Afin que la transmission universelle du patrimoine de l’entrepreneur individuel puisse s’opérer efficacement et pour faciliter sa mise en œuvre, le législateur a écarté le jeu de plusieurs règles susceptibles d’interférer avec le transfert.
L’article L. 526-29 du Code de commerce prévoit ainsi que ne sont pas applicables au transfert universel du patrimoine professionnel d’un entrepreneur individuel, toute clause contraire étant réputée non écrite :
- L’article 815-14 du Code civil
- Cette disposition régit le droit de préemption dont sont titulaires les coïndivisaires d’un bien en cas de cession d’une quote-part indivise par un indivisaire à un tiers.

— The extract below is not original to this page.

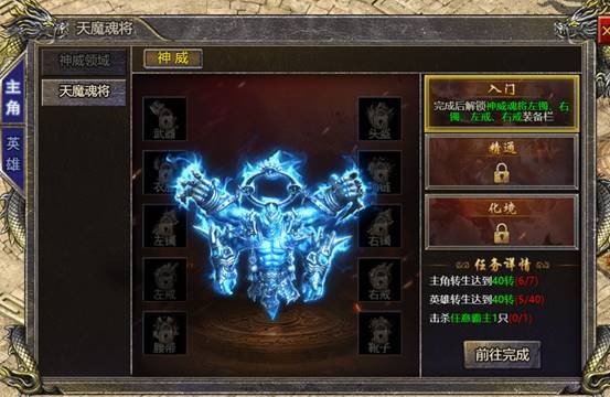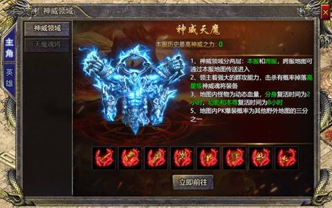 3. 功能说明:神威领域分为本服和跨服两层,挑战领域怪物有概率掉落神威魂将装备,领域内pk爆装概率为其他野外地图的三分之一

- L’article 1699 du Code civil
- Cette disposition régit la cession d’un droit litigieux
- Les articles L. 141-12 à L. 141-22 du Code de commerce
- Ces dispositions régissent le privilège du vendeur de fonds de commerce
Aussi, dans l’hypothèse où le patrimoine de l’entrepreneur individuel comprendrait un bien indivis ou un fonds de commerce, la transmission de ce patrimoine ne pourra ainsi pas se heurter à l’exercice du droit de préemption d’un coindivisaire ou à la mise en œuvre du privilège du vendeur.
La transmission universelle s’opèrera nonobstant ces dispositifs qui, en cas de transfert à titre particulier, feraient obstacle à la réalisation de l’opération.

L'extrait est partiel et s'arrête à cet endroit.